To share a few examples, though there are many more – there are designers at work on problems that are material and require pragmatic action, and simultaneously, those who are analyzing and calling out inequity as the virus affects those who face discrimination and have less access to care than others.
Operation PPE was sparked by a call from medical professionals at Weill Medical to faculty at Cornell University's College of Engineering, who then connected with Professor Jenny Sabin, director of the Matter Design Computation program at Cornell, who rebooted the recently vacated fabrication labs at AAP to produce 3D-printed personal protection equipment. Many of our alumni and students joined in producing PPE from an open source design file and designers utilized and modified as needed.

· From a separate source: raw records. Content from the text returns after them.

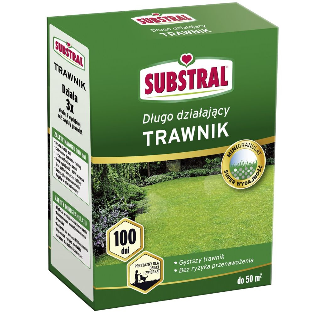 Substral wydajny nawóz długodziałający „100 Dni” do trawników. Znajdzie zastosowanie zarówno przy nowo zakładanych, jak i już istniejących trawnikach. Jest odpowiedni także do powierzchni intensywnie użytkowanych, jak trawniki sportowe, pola golfowe itd.
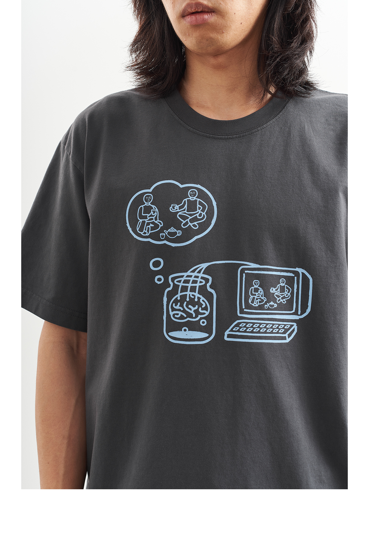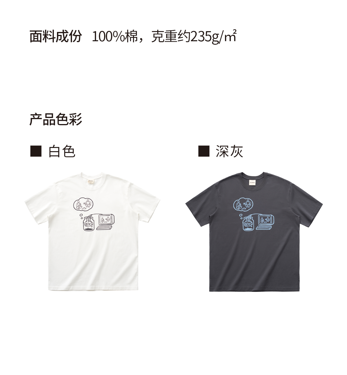 吃茶去chichaqu2024新款全棉圆领短袖T恤男女宽松印花虚拟饮茶
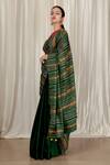 Green block printed silk saree featuring modern stripe motifs in earthy shades. Paired with a contrasting red halter blouse.
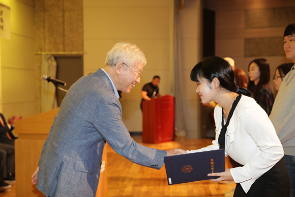 ▲지난 2학기 인제스타장학금 전달식에서 인제대 차인준 총장이 학생들에게 장학증서를 전달하고 있다. (사진제공=인제대)
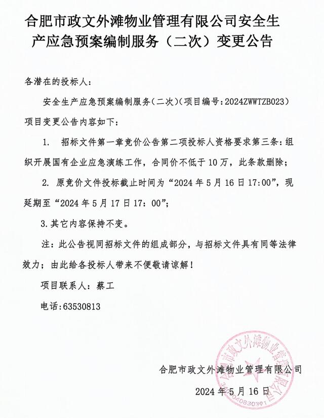 合肥市政文外滩物业管理有限公司安全生产应急预案编制服务(二次)变更公告
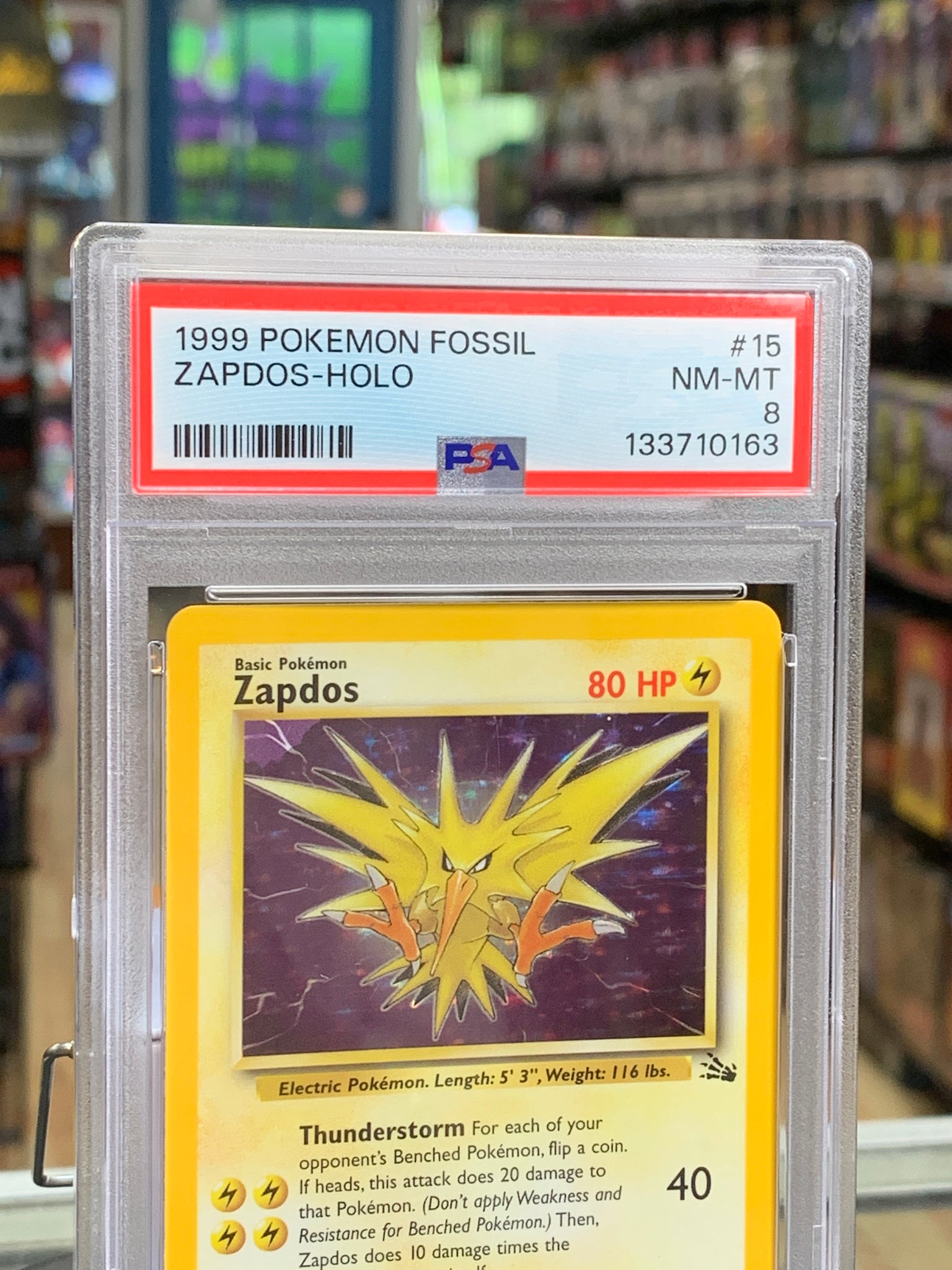Zapdos Holo Fossil 15/62 (Pokemon, Wizard) **PSA 8**
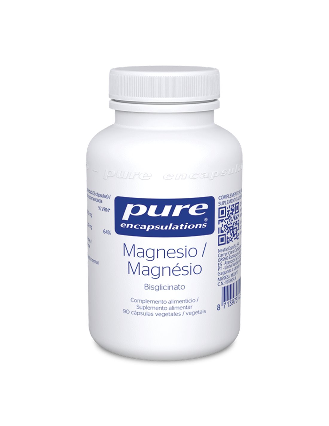 Pure® Encapsulations Magnesio está compuesto por magnesio quelado con glicina sintética, altamente biodisponible. El magnesio es un cofactor clave en
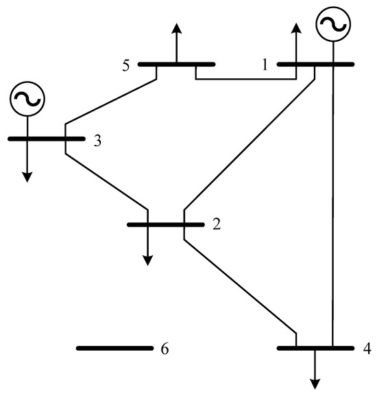 To validate the effectiveness of the method proposed in this paper, a case study analysis is performed on the Garver-6 system, which is illustrated in Figure 4. The original network of the Garver-6 bus system is a 5-bus system. Bus 1 and Bus 3 currently host generators with capacities of 150 MW and 360 MW, respectively. An additional 600 MW generator will be added to Bus 6 in the future. The system load and generator parameters are provided in Table 1, and the system line parameters are detailed in Table 2.
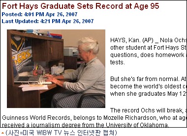 미국 캔사스 주에 사는 올해 95살의 놀라 오츠스 할머니가 다음달 대학 졸업장을 받을 예정이다.
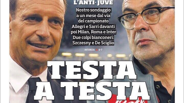 Neymar all’estero, il mercato delle big in Italia. Calciomercato ovunque, partendo dal Corriere dello Sport: “Testa a testa”, parlando del confronto Juventus-Napoli nel prossimo campionato. Tuttosport dedica la sua prima pagina a Juventus e Torino: “Finalmente”. Berenguer, Szczesny e De Sciglio i tre colpi bianconeri e granata.
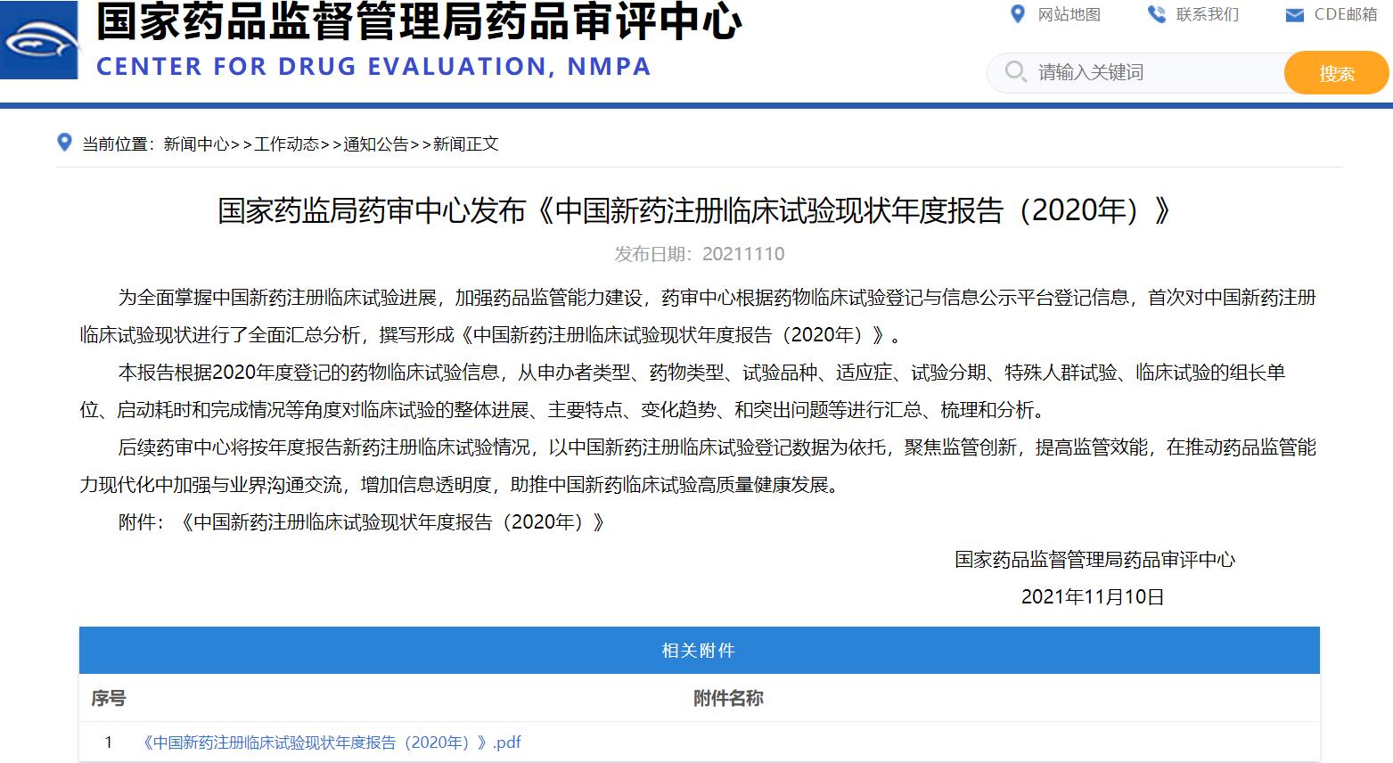 國家藥監(jiān)局藥審中心發(fā)布《中國新藥注冊臨床試驗現(xiàn)狀年度報告(2020年)》

J. Meejin Yoon is dean of the College of Architecture, Art and Planning at Cornell University. (Andy Ryan)
At the Harvard Wyss Institute and the Graduate School of Design, students, researchers, and faculty responded to an urgent need for personal isolation hoods that would keep patients and doctors at Massachusetts General Hospital safer as they fight the virus in infection wards and operating rooms. By coordinating ideas and action via a Slack channel, collaborators across the design and health disciplines initiated a completely horizontal creative process so that the strongest designs could be modified and added to in real time and advance to clinical testing and production in a matter of not months, but weeks.

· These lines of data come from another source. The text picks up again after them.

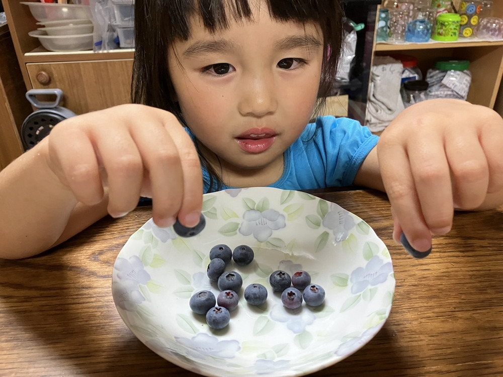 我が家には双子の孫娘がいます。長女はブルーベリーが大好物で、どんな食べ物にも積極的に挑戦します。次女は一粒だけ食べて満足するタイプですが、それでもその一粒を楽しんでいる様子を見ると嬉しくなります。
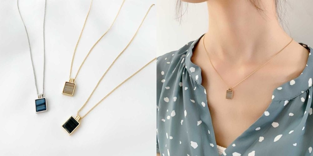 カジュアルファッションにもマッチするようなスクエアモチーフのネックレス。
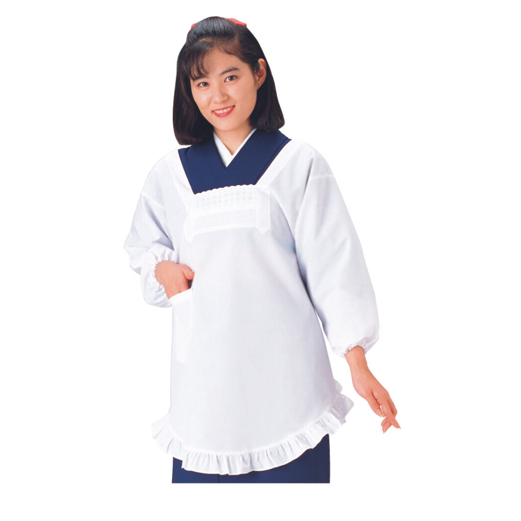 袖口ゴム入りのフリル付き割烹着です。

Kimberly Dowdell, Chicago-based architect and president of the National Organization of Minority Architects recently responded to figures citing the tragically disproportionate number of Covid-19 deaths among black and Latino people in New York City and Chicago. Dowdell highlights how all of our communities, particularly those still affected by discriminatory policies in our cities, now suffer greater challenges and losses in the face of this crisis.
There are other data and design ideas emerging that may impact the future of how a crisis of such magnitude might be handled.
In the past several weeks, designers and architects have assumed the agency and responsibility we share to engage new problems and offer meaningful service to a cause that asks us to reach far beyond disciplinary lines. We acted quickly and were able to do so by seeing past ourselves and our claims to authorship, by working across professional boundaries, and providing crucial help where needed. Many of us already have an eye on the long term and are asking important questions that I wonder if – despite the holding pattern between worry and hope most of us share – we can better understand in terms of what it will take to come together around a mutually beneficial plan for recovery, and for the future. A future where we enact our interconnectedness not as a shared vulnerability, but a strength – extending the practice of mutual aid beyond the medical profession to coordinate action and contributions to shared problems in a shared world where design and planning have critical agency.
J. Meejin Yoon is the Gale and Ira Druckier Dean of the College of Architecture, Art and Planning at Cornell University.